美国学校秋季学期大多是8月份开学,叶千含和韩若非这两个成绩优异且老早就有出色的托福成绩而被选送的交流学生8月初出发。
正值暑假的董辰送叶千含回上海搭飞机。
临行前那天晚上,他送叶千含回到宿舍楼下,把她的手袋递给她的时候,忽然一拍脑袋:“哎呀!我好像把你的钱包忘在宾馆的房间了!”
叶千含连忙打开手袋,一看钱包果然不在里面。
董辰期期艾艾地问:“怎么办?”
叶千含想了想:“算了吧,你明天早上拿过来好了。”
董辰摇摇她的手:“反正还早着呢,我宾馆又不远,咱们回去拿吧。”
叶千含本能地不想去:“那要不你去拿过来给我吧。”
若放在过去,董辰一定不会拒绝女王的要求,可是这次他很坚持:“那不太合适吧……你的钱包一看就是小女生用的Snoopy,还粉橙色的,我拿着太奇怪了……”
叶千含想说那你自己带上书包装着不就得了,他却已经拉着她往回走:“走吧走吧,正好刚才那个烤串摊可能再回去就没多少人排队了,我买给你!”
叶千含虽然一直觉得董辰性格中有疯狂的因素,感情又激烈得令人害怕,但她怎么也想不到他有一天会强迫她。
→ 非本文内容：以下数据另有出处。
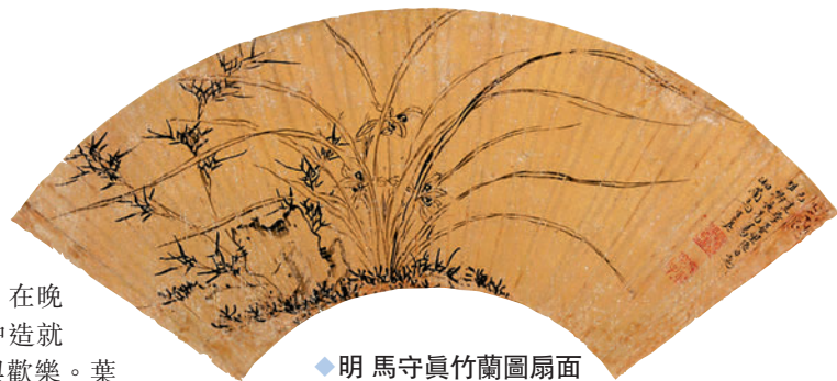
◆明馬守真竹蘭圖扇面
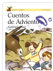
CUENTOS DE ADVIENTO KAST, GABRIELA
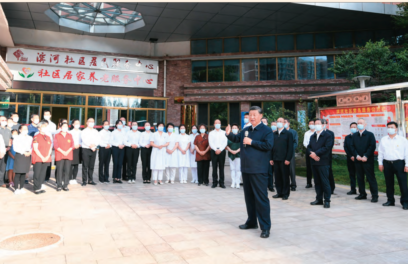
8月23日至24日,中共中央总书记、国家主席、中央军委主席习近平在河北省承德市考察。这是24日下午,习近平在承德市高新区滨河社区考察时,同社区居民亲切交流。
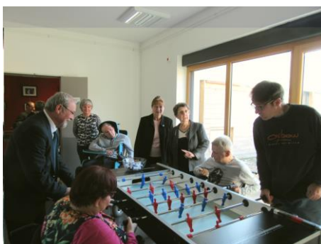
Partie de babyfoot acharnée
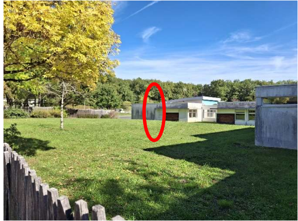
002-Galerie de liaison

3. Couloir-dégagement D-23 à prolonger – aménagements à réaliser dans local ménage D-03 :
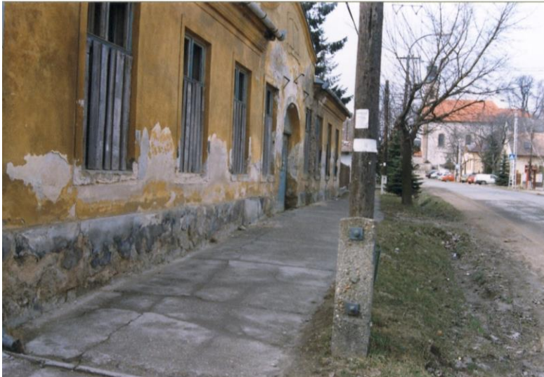
1996. Öregiskola

Az Öregiskola épülete, hiába állt a falu főutcájában, az új iskolával szemben, közel a Főtérhez apránként az enyészeté lett. Az építészeti bejárások egyértelműen azt állapították meg, szinte gazdaságosabb lenne az épület teljes elbontása. Műemlékvédelmi szempontból is értékelhetetlennek mutatkozott, helyi védelem alá sem került.
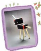
กล่องกระดาษแปลงกาย
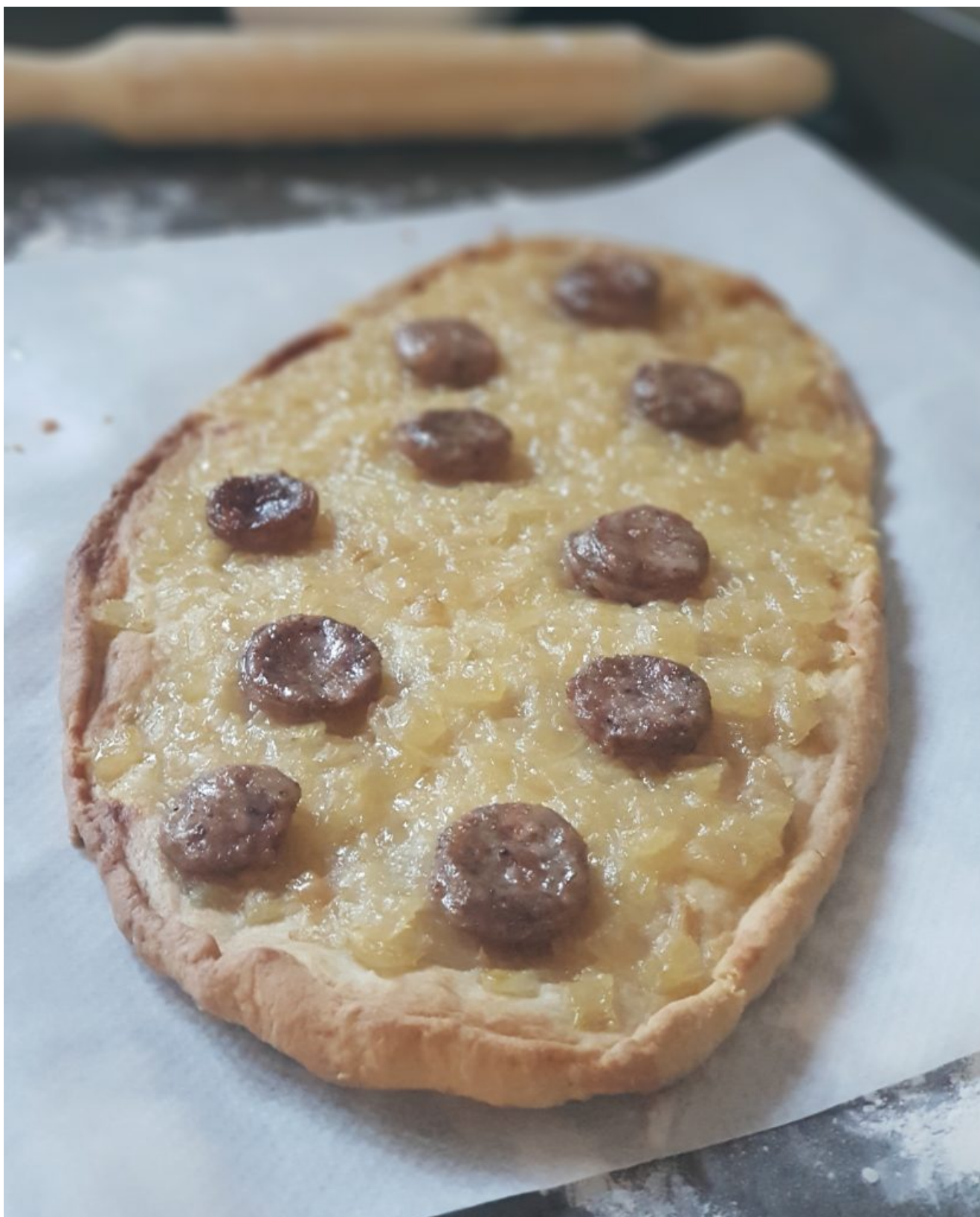
coca de ceba i blanquet

hora de sacar , dejar templar y disfrutar.
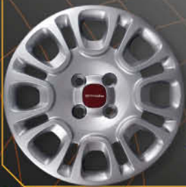
• 1309 Panda Easy 2012
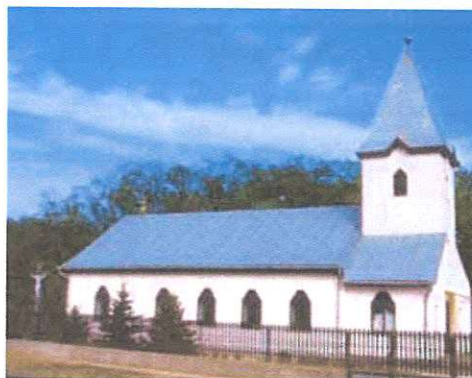
Görög Katolikus templom Jókai utca 364/2. hrszt.
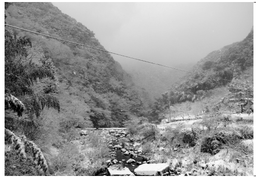
山鳥坂ダム建設予定地の 肱川町京造地区

源地域整備計画案を固められ、平成21年6月に国に対して法手続となる水源地域指定の申請が行われていま
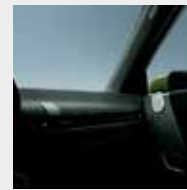
Detalles interiores en "Dark Steel".
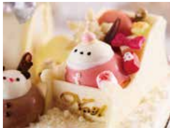
サンタクロースとトナカイが仲良くプレゼントを運んでいます。色とりどりのプレゼントボックスが真っ白なケーキに映えます。
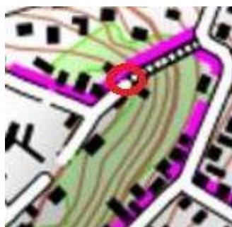
108 : Haut de l'escalier Froehlich
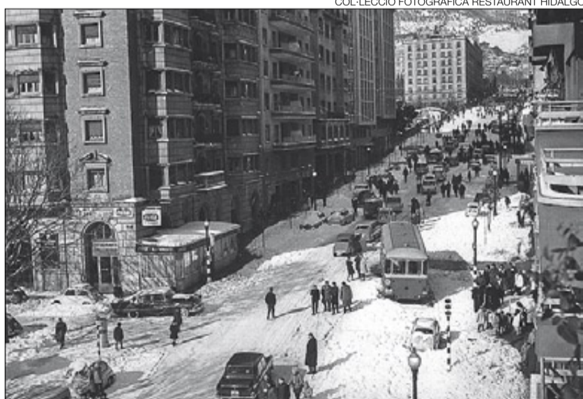
COL·LECCIÓ FOTOGRAFICA RESTAURANT HIDALGO
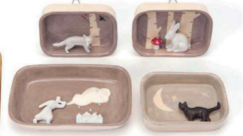
Ateliers d'art de France, design Elise Lefebvre
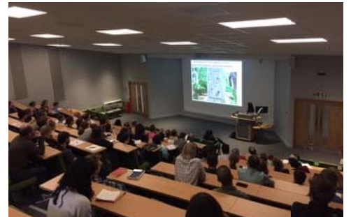
キューガーデンにおける講演
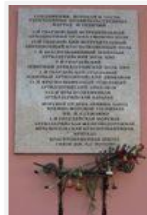
Доска «Соединения, корабли и части, удостоенные правительственных наград и отличий», 2000 г., Еськов А.И., Саксин И.М.
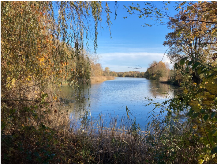
Jahnteich, ehem. Grube Weißwasser
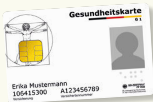
Exemplu model al unui card de sănătate

Va rugăm să aveți cardul electronic de sănătate permanent la dumneavoastră, când utilizați serviciile de sănătate. Începând cu 1 ianuarie 2015 acest card este exclusiv valabil ca dovadă de autorizare pentru a putea beneficia de serviciile asigurării de sănătate obligatorie. Pe cardul electronic de sănătate sunt salvate ca date obligatorii numele, data nașterii și adresa dumneavoastră cât și numărul dumneavoastră de asigurat medical și situația dumneavoastră de asigurat (membru, asigurat al familiei sau pensionar). Cardul electronic de sănătate conține și o fotografie cu dumneavoastră.
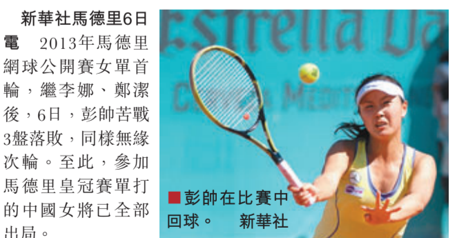
彭帥在比賽中回球。
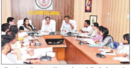
उन्होंने आदर्श आचार संहिता का उल्लंघन होने पर संबंधितों को नोटिस जारी करने के निर्देश दिए। सभी सहायक रिटर्निंग अधिकारी एवं अन्य नोडल अधिकारी सक्रियतापूर्वक कार्य करेंगे। निर्वाचन
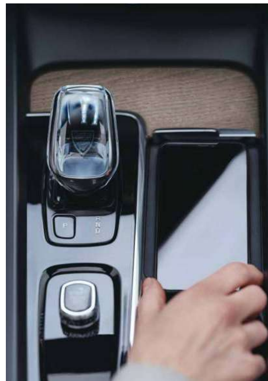
Orrrefors 水晶换挡杆 / 手机无线充电
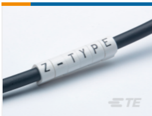
TE 产品编号EJ1953-000 06151413
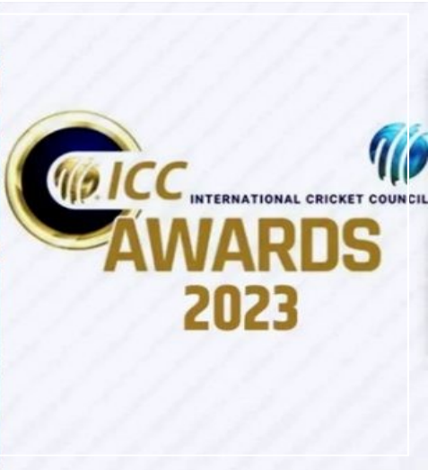
పురుషుల 'వన్డే క్రికెటర్ ఆఫ్ ది ఇయర్ 2023' అవార్డుకు పోటీ పడుతున్న నలుగురు క్రికెటర్ల పేర్లను ఐసీసీ ప్రకటించింది. ఈ నలుగురు

షేయర్స్ లో ముగ్గురు టీమిండియా ఆటగాళ్లే ఈ అవార్డు రేసులో పోటీ పడుతున్నారు. ఐసీసీ.. పురుషులు, మహిళలలో అత్యుత్తమ ప్రతిభను కనబర్చిన వారికి ప్రతి సంవత్సరం అన్ని ఫార్మాట్లలో ఈ అవార్డులను అందజేస్తుంది. 2023 సంవత్సరానికి గాను వన్డే ఫార్మాట్ లో క్రికెటర్ ఆఫ్ ది ఇయర్ అవార్డుకు నామినేషన్లను ప్రకటించింది. ఈ అవార్డు కోసం పోటీ పడుతున్న నలుగురు ఆటగాళ్ల పేర్లను తాజాగా వెల్లడించింది ఐసీసీ. ఇందులో ముగ్గురు ఇండియన్ షేయర్స్ విరాట్ కోహ్లీ, మహ్మద్ షమీ, శుభ్ మన్ గిల్ లతోపాటు న్యూజిలాండ్ ఆటగాడు దారిల్ మిచెల్ ఉన్నారు. ఈ నలుగురిలో మీరు ఓపికతో ఓటమి వేసారంటూ ఐసీసీ ట్వీట్ చేసింది. మరి, ఈ నలుగురిలో వన్డే క్రికెటర్ ఆఫ్ ది ఇయర్ అవార్డును ఎవరు అందుకుంటారో చూడాలి. ఇక, మహిళా వన్డే క్రికెట్ ఆఫ్ ది ఇయర్ అవార్డు కోసం శ్రీలంక, అస్ట్రేలియా, న్యూజిలాండ్, ఇంగ్లాండ్ షేయర్స్ పోటీపడుతున్నారు.
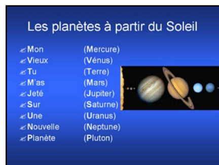
Figure 2. Exemple de diapositive faisant appel aux principes de mnémotechnie.
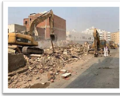
شكل رقم (3)

https://www.slaati.com/2020/6/3/p1666265.html
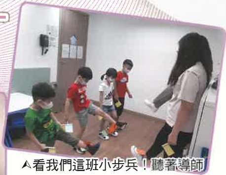
▲看我們這班小步兵！聽著導師的指令舉起顏色旗呢！
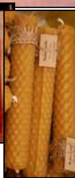
▲ Gan Talcē, gan SC, dāmas S. Erba pavadībā mācījās liet parafīna un tīt vaska sveces ▼
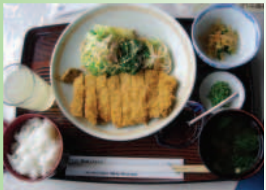
箱根MOA美術館的有機午餐

我們破例獲准進入園區的另一處，這裡曾是岡田茂吉大師在箱根的住所，庭園的設計古樸但處處充滿生活哲學，岡田茂吉先生早在1935年就提倡以自然農法生產自然食品以維護人體健康，因此當時向他請益農事、政論、人生等事的人很多，典型日式建築的日光寓所即為當時接見賓客、辦理藝術活動之處。

不过,如果他们以后真的结婚,就算他们以后真的结婚,第一次、甚至是之后的很多次,他应该都还是需要强迫她才可以的吧。
关键是当时叶千含犹豫着,没有尽全力反抗。
她当时冒出了一个奇怪却强烈的念头:会不会这样之后,他就不会再缠着我了?
不是说男人一旦得手就不会再珍惜了吗?
如果能够让他不再缠着我,那么……这样也就这样吧……
作者有话要说:
☆、12
叶千含向来都太酷了,以至于她从来没有像大多数女孩子那样关心过星座。
后来她看到天蝎男的描述时,追悔莫及。
对爱情疯狂且执念的典范,她怎么会以为他那样就肯放手?
那天晚上,董辰进入的时候,叶千含觉得自己痛得快要死掉了。
不知道是身体更痛,还是心里更痛。
她忍不住哭出声来,董辰一慌,登时就软了。
他伏在她身上不敢动,也不知道怎么哄才好,他声音发颤地解释,抑或更像是给自己打气:“去了美国,你不能变心……咱们要有小半年不能见面,离那么远,你不能变心……你在那儿又会认识很多人,很多白人帅哥,你不能变心……”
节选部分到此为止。